WORK ITEM:
An image-free, word-for-word version of the records below is to be returned.

Records from a data collection:
#####

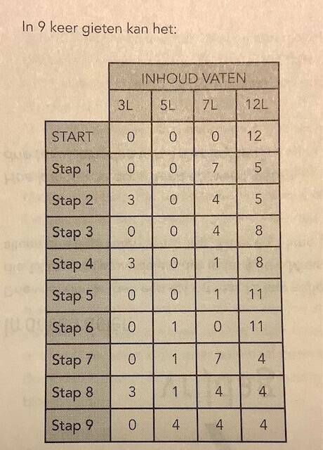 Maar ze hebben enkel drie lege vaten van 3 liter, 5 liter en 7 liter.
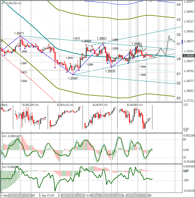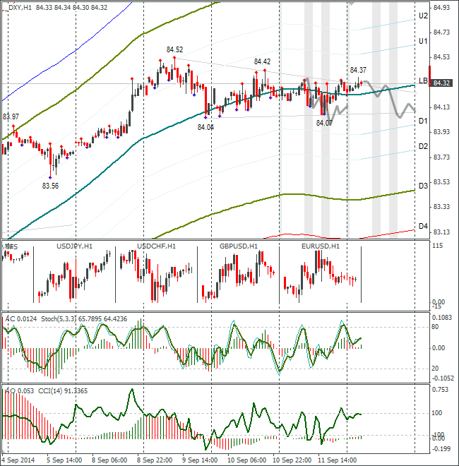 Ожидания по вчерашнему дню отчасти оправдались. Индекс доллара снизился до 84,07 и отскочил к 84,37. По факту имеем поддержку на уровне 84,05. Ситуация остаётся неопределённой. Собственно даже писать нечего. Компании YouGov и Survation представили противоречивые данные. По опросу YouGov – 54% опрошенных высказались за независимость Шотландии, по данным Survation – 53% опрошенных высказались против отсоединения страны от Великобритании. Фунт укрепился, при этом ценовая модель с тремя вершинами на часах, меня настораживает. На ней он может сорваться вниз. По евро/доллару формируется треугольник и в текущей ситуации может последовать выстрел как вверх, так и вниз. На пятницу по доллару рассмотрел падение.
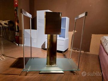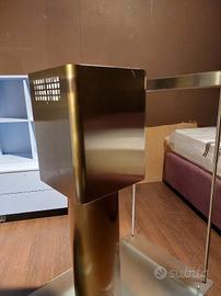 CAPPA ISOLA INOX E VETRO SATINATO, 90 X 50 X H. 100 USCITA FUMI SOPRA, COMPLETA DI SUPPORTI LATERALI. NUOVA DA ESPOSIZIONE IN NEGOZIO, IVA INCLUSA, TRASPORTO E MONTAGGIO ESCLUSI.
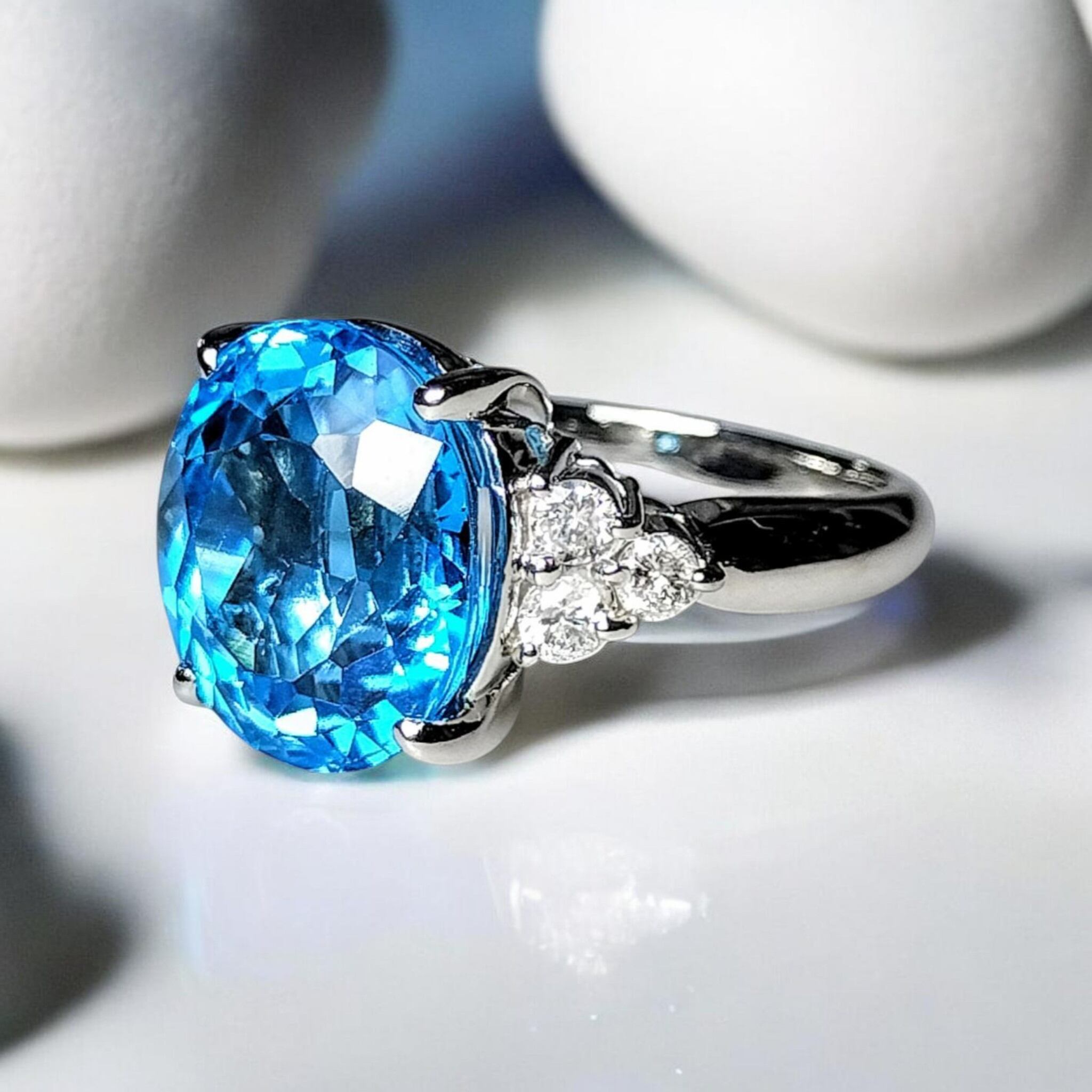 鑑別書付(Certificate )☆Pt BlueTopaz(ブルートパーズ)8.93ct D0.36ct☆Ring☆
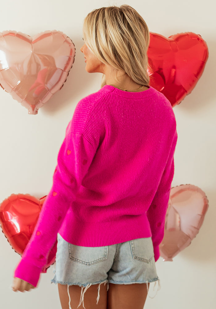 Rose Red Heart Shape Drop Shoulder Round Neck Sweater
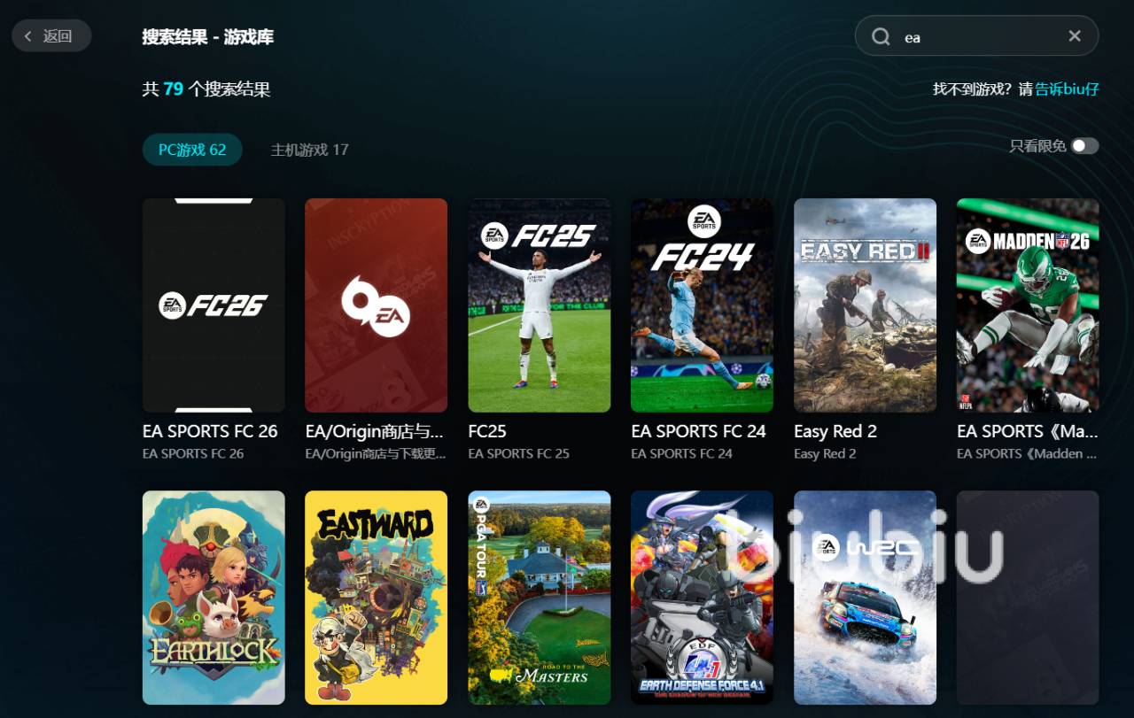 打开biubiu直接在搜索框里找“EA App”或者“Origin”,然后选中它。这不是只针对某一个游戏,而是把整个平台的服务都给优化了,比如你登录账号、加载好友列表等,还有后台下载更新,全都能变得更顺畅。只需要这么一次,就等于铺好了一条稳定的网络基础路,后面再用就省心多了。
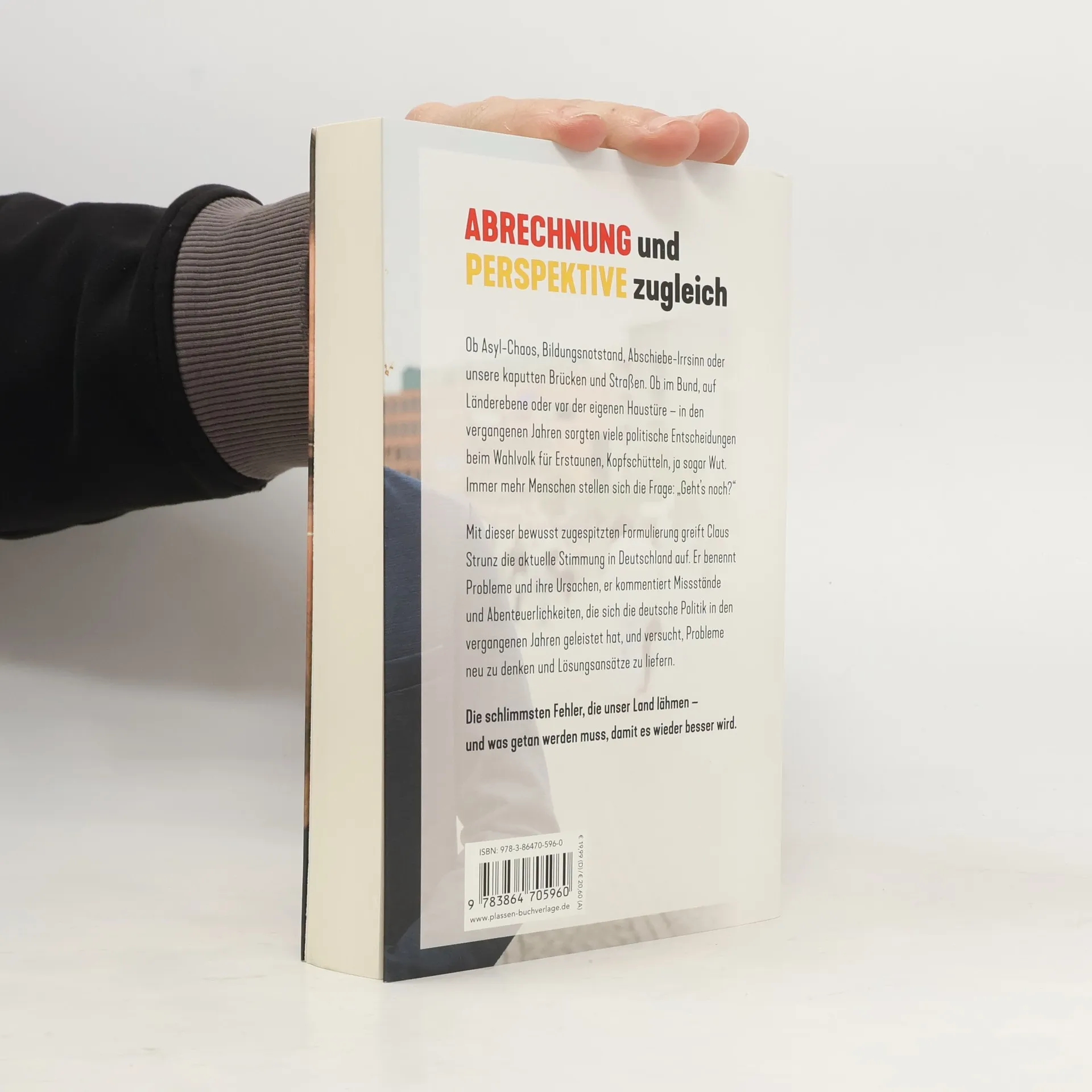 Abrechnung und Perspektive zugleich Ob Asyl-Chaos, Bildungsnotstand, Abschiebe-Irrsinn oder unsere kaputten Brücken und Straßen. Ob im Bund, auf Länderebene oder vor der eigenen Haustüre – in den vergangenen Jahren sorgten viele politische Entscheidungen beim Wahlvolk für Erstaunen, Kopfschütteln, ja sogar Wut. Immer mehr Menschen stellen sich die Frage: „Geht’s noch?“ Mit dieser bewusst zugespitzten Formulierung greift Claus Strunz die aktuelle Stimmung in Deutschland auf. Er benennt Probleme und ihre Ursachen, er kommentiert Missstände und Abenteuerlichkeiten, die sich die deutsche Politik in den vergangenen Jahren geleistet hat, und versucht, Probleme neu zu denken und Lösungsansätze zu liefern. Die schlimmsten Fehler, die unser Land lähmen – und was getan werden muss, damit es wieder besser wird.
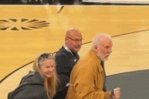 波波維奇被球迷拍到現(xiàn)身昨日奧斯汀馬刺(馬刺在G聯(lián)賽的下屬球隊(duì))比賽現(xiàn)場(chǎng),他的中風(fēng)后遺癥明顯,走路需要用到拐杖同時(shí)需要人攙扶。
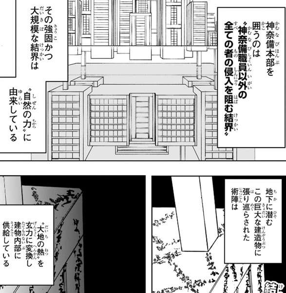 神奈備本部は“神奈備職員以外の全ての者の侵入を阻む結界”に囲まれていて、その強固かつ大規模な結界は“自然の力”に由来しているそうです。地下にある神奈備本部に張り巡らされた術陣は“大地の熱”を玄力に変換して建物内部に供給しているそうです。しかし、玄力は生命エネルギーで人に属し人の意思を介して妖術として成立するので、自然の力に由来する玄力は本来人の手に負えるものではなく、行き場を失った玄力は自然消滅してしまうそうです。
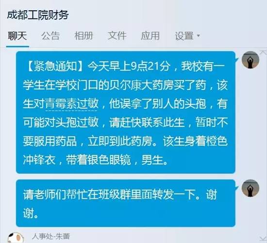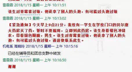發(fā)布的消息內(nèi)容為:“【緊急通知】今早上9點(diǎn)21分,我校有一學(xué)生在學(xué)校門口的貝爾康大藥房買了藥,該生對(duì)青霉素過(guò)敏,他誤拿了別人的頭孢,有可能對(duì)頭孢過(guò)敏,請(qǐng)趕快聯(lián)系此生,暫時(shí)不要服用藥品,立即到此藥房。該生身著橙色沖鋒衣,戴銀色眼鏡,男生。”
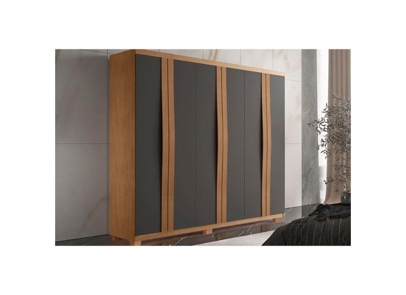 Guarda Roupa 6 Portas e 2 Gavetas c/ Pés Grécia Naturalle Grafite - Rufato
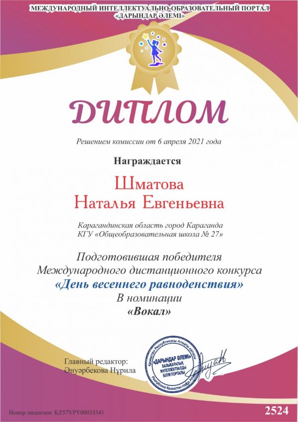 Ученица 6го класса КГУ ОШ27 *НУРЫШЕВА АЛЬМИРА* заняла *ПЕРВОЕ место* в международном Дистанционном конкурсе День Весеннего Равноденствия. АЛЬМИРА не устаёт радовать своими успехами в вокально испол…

#####

YOUR SOLUTION:
 Maar ze hebben enkel drie lege vaten van 3 liter, 5 liter en 7 liter.
 Ожидания по вчерашнему дню отчасти оправдались. Индекс доллара снизился до 84,07 и отскочил к 84,37. По факту имеем поддержку на уровне 84,05. Ситуация остаётся неопределённой. Собственно даже писать нечего. Компании YouGov и Survation представили противоречивые данные. По опросу YouGov – 54% опрошенных высказались за независимость Шотландии, по данным Survation – 53% опрошенных высказались против отсоединения страны от Великобритании. Фунт укрепился, при этом ценовая модель с тремя вершинами на часах, меня настораживает. На ней он может сорваться вниз. По евро/доллару формируется треугольник и в текущей ситуации может последовать выстрел как вверх, так и вниз. На пятницу по доллару рассмотрел падение.
 CAPPA ISOLA INOX E VETRO SATINATO, 90 X 50 X H. 100 USCITA FUMI SOPRA, COMPLETA DI SUPPORTI LATERALI. NUOVA DA ESPOSIZIONE IN NEGOZIO, IVA INCLUSA, TRASPORTO E MONTAGGIO ESCLUSI.
 鑑別書付(Certificate )☆Pt BlueTopaz(ブルートパーズ)8.93ct D0.36ct☆Ring☆
 Rose Red Heart Shape Drop Shoulder Round Neck Sweater
 打开biubiu直接在搜索框里找“EA App”或者“Origin”,然后选中它。这不是只针对某一个游戏,而是把整个平台的服务都给优化了,比如你登录账号、加载好友列表等,还有后台下载更新,全都能变得更顺畅。只需要这么一次,就等于铺好了一条稳定的网络基础路,后面再用就省心多了。
 Abrechnung und Perspektive zugleich Ob Asyl-Chaos, Bildungsnotstand, Abschiebe-Irrsinn oder unsere kaputten Brücken und Straßen. Ob im Bund, auf Länderebene oder vor der eigenen Haustüre – in den vergangenen Jahren sorgten viele politische Entscheidungen beim Wahlvolk für Erstaunen, Kopfschütteln, ja sogar Wut. Immer mehr Menschen stellen sich die Frage: „Geht’s noch?“ Mit dieser bewusst zugespitzten Formulierung greift Claus Strunz die aktuelle Stimmung in Deutschland auf. Er benennt Probleme und ihre Ursachen, er kommentiert Missstände und Abenteuerlichkeiten, die sich die deutsche Politik in den vergangenen Jahren geleistet hat, und versucht, Probleme neu zu denken und Lösungsansätze zu liefern. Die schlimmsten Fehler, die unser Land lähmen – und was getan werden muss, damit es wieder besser wird.
 波波維奇被球迷拍到現(xiàn)身昨日奧斯汀馬刺(馬刺在G聯(lián)賽的下屬球隊(duì))比賽現(xiàn)場(chǎng),他的中風(fēng)后遺癥明顯,走路需要用到拐杖同時(shí)需要人攙扶。
 神奈備本部は“神奈備職員以外の全ての者の侵入を阻む結界”に囲まれていて、その強固かつ大規模な結界は“自然の力”に由来しているそうです。地下にある神奈備本部に張り巡らされた術陣は“大地の熱”を玄力に変換して建物内部に供給しているそうです。しかし、玄力は生命エネルギーで人に属し人の意思を介して妖術として成立するので、自然の力に由来する玄力は本来人の手に負えるものではなく、行き場を失った玄力は自然消滅してしまうそうです。
發(fā)布的消息內(nèi)容為:“【緊急通知】今早上9點(diǎn)21分,我校有一學(xué)生在學(xué)校門口的貝爾康大藥房買了藥,該生對(duì)青霉素過(guò)敏,他誤拿了別人的頭孢,有可能對(duì)頭孢過(guò)敏,請(qǐng)趕快聯(lián)系此生,暫時(shí)不要服用藥品,立即到此藥房。該生身著橙色沖鋒衣,戴銀色眼鏡,男生。”
 Guarda Roupa 6 Portas e 2 Gavetas c/ Pés Grécia Naturalle Grafite - Rufato
 Ученица 6го класса КГУ ОШ27 *НУРЫШЕВА АЛЬМИРА* заняла *ПЕРВОЕ место* в международном Дистанционном конкурсе День Весеннего Равноденствия. АЛЬМИРА не устаёт радовать своими успехами в вокально испол…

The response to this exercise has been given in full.